Parallel corpus | Lang. code | Number of texts | Number of tokens |
Bulgarian-English | BG-EN | 113545 | 260681821 |
Bulgarian-Romanian | BG-RO | 114440 | 235859637 |
Bulgarian-French | BG-FR | 71935 | 231486663 |
Bulgarian-Greek | BG-EL | 113849 | 229749068 |
Bulgarian-Portuguese | BG-PT | 70697 | 211824204 |
Bulgarian-Italian | BG-IT | 71195 | 209083677 |
Bulgarian-Dutch | BG-NL | 70629 | 204309755 |
Bulgarian-Polish | BG-PL | 78055 | 197762449 |
Bulgarian-Czech | BG-CS | 72545 | 196769297 |
Bulgarian-German | BG-DE | 77502 | 194497872 |
Bulgarian-Spanish | BG-ES | 62879 | 191092782 |
Bulgarian-Danish | BG-DA | 71316 | 190843358 |
Bulgarian-Slovak | BG-SK | 71790 | 189752630 |
Bulgarian-Slovene | BG-SL | 71343 | 188776967 |
Bulgarian-Hungarian | BG-HU | 71618 | 183530929 |
Bulgarian-Swedish | BG-SV | 70115 | 180752058 |
Bulgarian-Lithuanian | BG-LT | 70858 | 170381570 |
Bulgarian-Latvian | BG-LV | 70015 | 167600804 |
Bulgarian-Maltese | BG-MT | 65218 | 163515445 |
Bulgarian-Estonian | BG-ET | 71558 | 160175247 |
Bulgarian-Finnish | BG-FI | 71247 | 156288741 |
Bulgarian-Turkish | BG-TR | 36655 | 13297328 |
Bulgarian-Irish | BG-GA | 2230 | 13287693 |
Bulgarian-Croatian | BG-HR | 33948 | 11950183 |
Bulgarian-Albanian | BG-SQ | 35787 | 9781443 |
Bulgarian-Macedonian | BG-MK | 35761 | 9542940 |
Bulgarian-Bosnian | BG-BS | 20736 | 6195646 |
Bulgarian-Russian | BG-RU | 211 | 3293243 |
Bulgarian-Hebrew | BG-HE | 446 | 2872765 |
Bulgarian-Arabic | BG-AR | 370 | 2446857 |
Bulgarian-Serbian | BG-SR | 865 | 1832323 |
Bulgarian-Norwegian | BG-NO | 173 | 1588561 |
Bulgarian-Icelandic | BG-IS | 41 | 762894 |
Bulgarian-Ukrainian | BG-UK | 40 | 744815 |
Bulgarian-Catalan | BG-CA | 26 | 640522 |
Bulgarian-Galician | BG-GL | 25 | 629272 |
Bulgarian-Kazakh | BG-KK | 29 | 486766 |
Bulgarian-Basque | BG-EU | 25 | 461080 |
Bulgarian-Chinese | BG-ZH | 34 | 229293 |
Bulgarian-Tajik | BG-TG | 16 | 160123 |
Bulgarian-Armenian | BG-HY | 16 | 139802 |
Bulgarian-Azerbaijani | BG-AZ | 16 | 137238 |
Bulgarian-Mongolian | BG-MN | 16 | 135076 |
Bulgarian-Kyrgyz | BG-KY | 16 | 135031 |
Bulgarian-Georgian | BG-KA | 16 | 128502 |
Bulgarian-Turkmen | BG-TK | 15 | 127430 |
Bulgarian-Japanese | BG-JA | 10 | 50194 |
Total | 1,789,872 | 4,195,791,994 |
Size of the Parallel corpora in number of texts and number of words.

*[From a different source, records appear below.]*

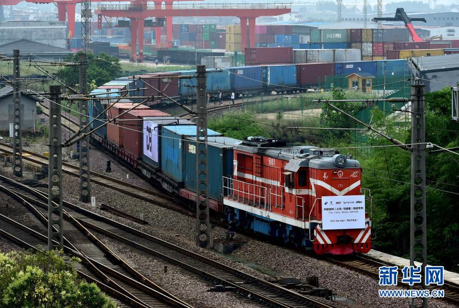 這是2020年6月5日,滿載防疫物資的“義新歐”中歐班列(義烏-馬德里)在義烏西站啟程,前往西班牙首都馬德里。新華社發(fā)(呂斌 攝)
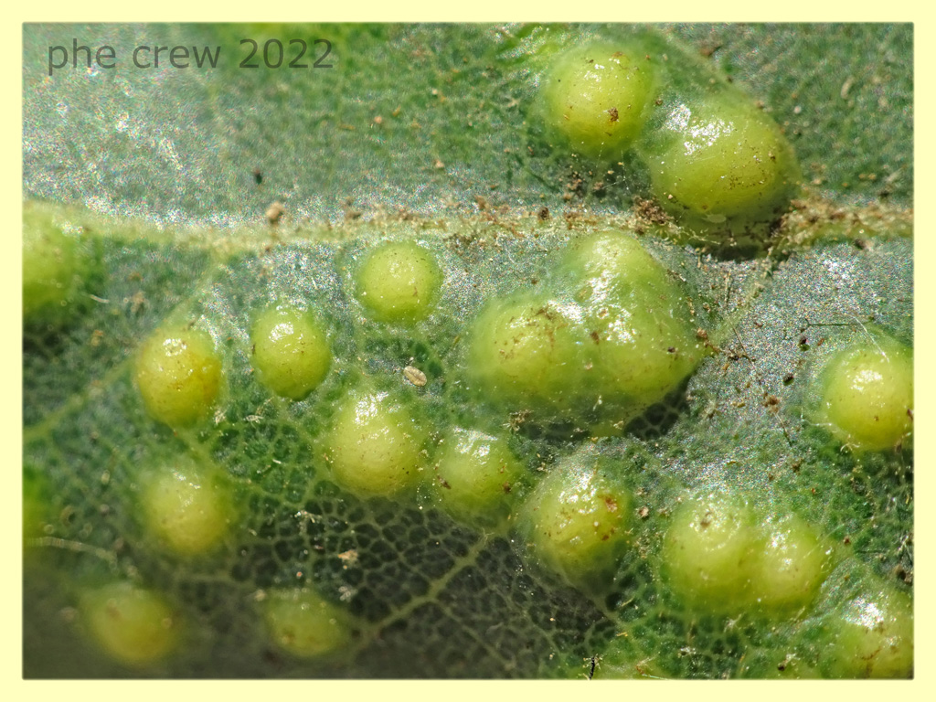 ….saranno galle ? ….la parte superiore della foglia e' quella tipo bolle lisce, invece dall' altro lato le bolle si presentano bianche e pelosette. Lo Psocottero c' entrera' qualcosa ? La pianta ospite sembra una Quercia. Ho spuntato voce Imenottero...in tal caso correggete. :hi:
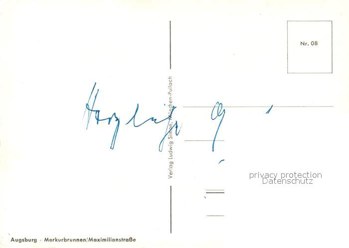 73334728 Augsburg Merkurbrunnen Maximilianstrasse Giebelhaeuser Innenstadt postalisch nicht gelaufen Erhaltung siehe scans [FriedD77] KatCode: 11110009761000
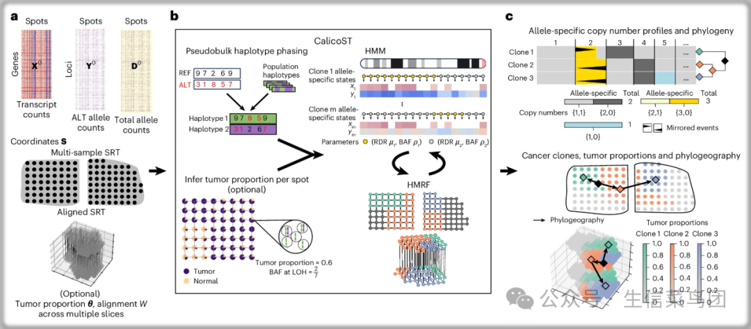 Fig. 1: CalicoST infers allele-specific copy numbers and a phylogeography of a tumor from one or more SRT samples from the same patient.

The largest parallel corpus within BulNC is the Bulgarian-English parallel corpus which comprises 260.7 million tokens for English and 263.1 million tokens for Bulgarian. The distribution of texts with respect to styles in the Bulgarian-English parallel corpus is shown on the diagram below.
The Bulgarian-English parallel corpus has been used for various research tasks. The Bulgarian-English Sentence- and Clause-Aligned Corpus (BulEnAC) is an excerpt from the Bulgarian-English parallel corpus. BulENAC has been used for NLP applications for text alignment and machine translation.